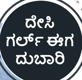
ದೇಸಿ ಗರ್ಲ್ ಈಗ ದುಬಾರಿ

ಪ್ರಿಯಾಂಕಾ ಚೋಪ್ರಾ ಅವರು ಹಿಂದಿ ಸಿನಿಮಾದಲ್ಲಿ ನಟಿಸಿದರೆ ಹಲವು ವರ್ಷಗಳೇ ಕಳೆದಿವೆ. ಹಾಲಿವುಡ್ ಸಿನಿಮಾಗಳಲ್ಲಿ ಆಯ್ಕೆವಾ ಆಗಿರುವ ನಟಿ ಈಗ ಮತ್ತೆ ಸೌತ್ ಸಿನಿಮಾಗೆ ಕಮ್ ಬ್ಯಾಕ್ ಮಾಡುತ್ತಿದ್ದಾರೆ. ರಾಜಮೌಳಿ ನಿರ್ದೇಶನದಲ್ಲಿ ಮಹೇಶ್ ಬಾಬು ಜೊತೆ ನಟಿಸಲು 30 ಕೋಟಿ ರೂ. ಸಂಭಾವನೆಯನ್ನು ನಟಿ ಡಿಮಾಂಡ್ ಮಾಡಿದ್ದಾರೆ ಎನ್ನಲಾದ ಸುದ್ದಿಯೊಂದು ಸೋಶಿಯಲ್ ಮೀಡಿಯಾದಲ್ಲಿ ಹರಿದಾಡುತ್ತಿದೆ. ಪ್ರಿಯಾಂಕಾಗೆ 42 ವರ್ಷವಾದರೂ ನಟಿಯ ಚಾರ್ಮ್ ಇನ್ನೂ ಕಮ್ಮಿಯಾಗಿಲ್ಲ. ಅವರಿಗೆ ಇನ್ನೂ ಬೇಡಿಕೆಯಿದೆ. ಹಾಲಿವುಡ್‌ನಲ್ಲಿ ಆಕ್ಟರ್ಸ್ ಕ್ಲಬ್ ಆಗಿ ಮಿಂಚುತ್ತಿದ್ದಾರೆ. ಹೀಗಿರುವಾಗ ಬಹುನಿರೀಕ್ಷಿತ ಸಿನಿಮಾ ರಾಜಮೌಳಿ ಮತ್ತು ಮಹೇಶ್ ಬಾಬು ಸಿನಿಮಾದಲ್ಲಿ ನಟಿಸಲು ಪ್ರಿಯಾಂಕಾ 30 ಕೋಟಿ ರೂ. ಕೇಳಿದ್ದಾರೆ. ಆದರೆ ಚಿತ್ರತಂಡ ಕೂಡ ಸಮ್ಮತಿ ಸೂಚಿಸಿದೆ ಎನ್ನಲಾದ ವಿಚಾರವೊಂದು ಚರ್ಚೆಗೆ ಗ್ರಾಸವಾಗಿದೆ. ಇನ್ನೂ ಭಾರತದ ಯಾವುದೇ ನಟಿ ಇಷ್ಟು ಸಂಭಾವನೆ ಪಡೆದಿಲ್ಲ. ಹಾಗಾಗಿ ಪ್ರಿಯಾಂಕಾ ಭಾರತದ ಅತ್ಯಂತ ಮೆಚಿದ ನಟಿ ಎನಿಸಿಕೊಂಡಿದ್ದಾರೆ. ಮಹೇಶ್ ಬಾಬು ಈ ಸಿನಿಮಾಗೆ ಕಳೆದ 2 ವರ್ಷಗಳಿಂದ ತಯಾರಿ ನಡೆಯುತ್ತಿದೆ. ಇತ್ತೀಚೆಗೆ ಈ ಚಿತ್ರದ ಮುಹೂರ್ತ ನೆರವೇರಿದೆ. ಸಿನಿಮಾದ ಶೂಟಿಂಗ್ ಕೂಡ ಶುರುವಾಗಿದೆ.
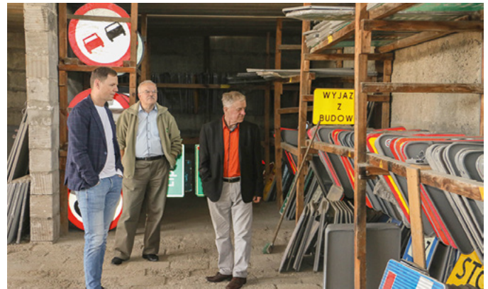
Baza obwodu drogowego w Łagowie.
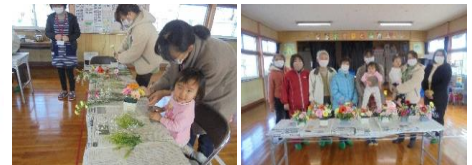
2/18フラワーアレンジメント(生き活き地域子育て応援事業)
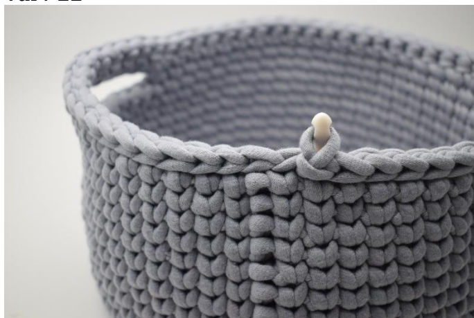
1. Virka 1 varv sm.
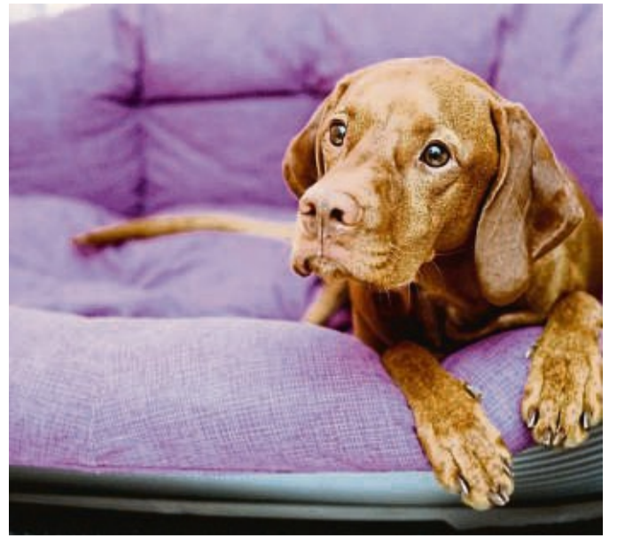
In der neuen Wohnung sollte der Hund schon beim Hereinkommen etwas Vertrautes finden, etwa eine Möbelkonstellation mit seinem Körbchen.

Und aus Sicherheitsgründen schade es nicht, vorher den nächsten Tierarzt zu googeln, „damit ich weiß, wo ich anrufen kann, wenn mal etwas passiert“, meint der Hundetrainer.
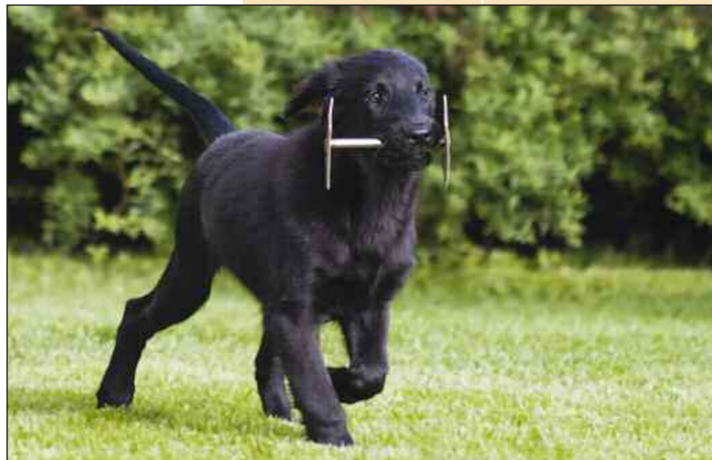
Hunden skal lære å apportere alle slags gjenstander, og i hvilket som helst miljø.

3. Det er heller ikke uvanlig at endel hunder lager seg mønster med å tygge i 2 sekunder, og deretter holde fast korrekt. I tilfeller der et slikt
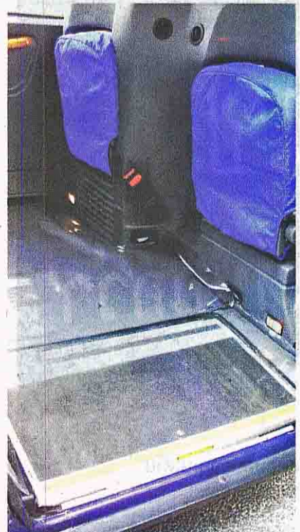
พ้อเปิดประตูจะมีทางลาดลงสำหรับรถเข็น
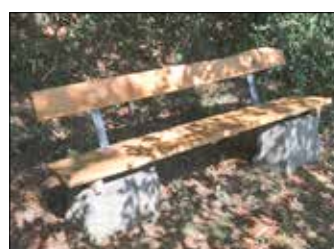
Neu hergerichtete Bank

Da sich die Ortsgemeinde Unnau der Bedeutung dieses uberortlichen Wanderweges fur alle Wanderer von nah und fern bewusst ist, wurde das fur die Reparatur benotigte Material in Form von Holz und den Kettenhandlauf seitens der Ortsgemeinde Unnau kostenlos und unburokratisch zur Verfugung gestellt und somit letztlich auch der heimische Tourismus unterstutzt.

Problem details
Would you restate, word for word and with no pictures, only the lines from the opening of the material through the line with "Neu hergerichtete Bank", both included?

Task output
ದೇಸಿ ಗರ್ಲ್ ಈಗ ದುಬಾರಿ

ಪ್ರಿಯಾಂಕಾ ಚೋಪ್ರಾ ಅವರು ಹಿಂದಿ ಸಿನಿಮಾದಲ್ಲಿ ನಟಿಸಿದರೆ ಹಲವು ವರ್ಷಗಳೇ ಕಳೆದಿವೆ. ಹಾಲಿವುಡ್ ಸಿನಿಮಾಗಳಲ್ಲಿ ಆಯ್ಕೆವಾ ಆಗಿರುವ ನಟಿ ಈಗ ಮತ್ತೆ ಸೌತ್ ಸಿನಿಮಾಗೆ ಕಮ್ ಬ್ಯಾಕ್ ಮಾಡುತ್ತಿದ್ದಾರೆ. ರಾಜಮೌಳಿ ನಿರ್ದೇಶನದಲ್ಲಿ ಮಹೇಶ್ ಬಾಬು ಜೊತೆ ನಟಿಸಲು 30 ಕೋಟಿ ರೂ. ಸಂಭಾವನೆಯನ್ನು ನಟಿ ಡಿಮಾಂಡ್ ಮಾಡಿದ್ದಾರೆ ಎನ್ನಲಾದ ಸುದ್ದಿಯೊಂದು ಸೋಶಿಯಲ್ ಮೀಡಿಯಾದಲ್ಲಿ ಹರಿದಾಡುತ್ತಿದೆ. ಪ್ರಿಯಾಂಕಾಗೆ 42 ವರ್ಷವಾದರೂ ನಟಿಯ ಚಾರ್ಮ್ ಇನ್ನೂ ಕಮ್ಮಿಯಾಗಿಲ್ಲ. ಅವರಿಗೆ ಇನ್ನೂ ಬೇಡಿಕೆಯಿದೆ. ಹಾಲಿವುಡ್‌ನಲ್ಲಿ ಆಕ್ಟರ್ಸ್ ಕ್ಲಬ್ ಆಗಿ ಮಿಂಚುತ್ತಿದ್ದಾರೆ. ಹೀಗಿರುವಾಗ ಬಹುನಿರೀಕ್ಷಿತ ಸಿನಿಮಾ ರಾಜಮೌಳಿ ಮತ್ತು ಮಹೇಶ್ ಬಾಬು ಸಿನಿಮಾದಲ್ಲಿ ನಟಿಸಲು ಪ್ರಿಯಾಂಕಾ 30 ಕೋಟಿ ರೂ. ಕೇಳಿದ್ದಾರೆ. ಆದರೆ ಚಿತ್ರತಂಡ ಕೂಡ ಸಮ್ಮತಿ ಸೂಚಿಸಿದೆ ಎನ್ನಲಾದ ವಿಚಾರವೊಂದು ಚರ್ಚೆಗೆ ಗ್ರಾಸವಾಗಿದೆ. ಇನ್ನೂ ಭಾರತದ ಯಾವುದೇ ನಟಿ ಇಷ್ಟು ಸಂಭಾವನೆ ಪಡೆದಿಲ್ಲ. ಹಾಗಾಗಿ ಪ್ರಿಯಾಂಕಾ ಭಾರತದ ಅತ್ಯಂತ ಮೆಚಿದ ನಟಿ ಎನಿಸಿಕೊಂಡಿದ್ದಾರೆ. ಮಹೇಶ್ ಬಾಬು ಈ ಸಿನಿಮಾಗೆ ಕಳೆದ 2 ವರ್ಷಗಳಿಂದ ತಯಾರಿ ನಡೆಯುತ್ತಿದೆ. ಇತ್ತೀಚೆಗೆ ಈ ಚಿತ್ರದ ಮುಹೂರ್ತ ನೆರವೇರಿದೆ. ಸಿನಿಮಾದ ಶೂಟಿಂಗ್ ಕೂಡ ಶುರುವಾಗಿದೆ.
Baza obwodu drogowego w Łagowie.
2/18フラワーアレンジメント(生き活き地域子育て応援事業)
1. Virka 1 varv sm.
In der neuen Wohnung sollte der Hund schon beim Hereinkommen etwas Vertrautes finden, etwa eine Möbelkonstellation mit seinem Körbchen.

Und aus Sicherheitsgründen schade es nicht, vorher den nächsten Tierarzt zu googeln, „damit ich weiß, wo ich anrufen kann, wenn mal etwas passiert“, meint der Hundetrainer.
Hunden skal lære å apportere alle slags gjenstander, og i hvilket som helst miljø.

3. Det er heller ikke uvanlig at endel hunder lager seg mønster med å tygge i 2 sekunder, og deretter holde fast korrekt. I tilfeller der et slikt
พ้อเปิดประตูจะมีทางลาดลงสำหรับรถเข็น
Neu hergerichtete Bank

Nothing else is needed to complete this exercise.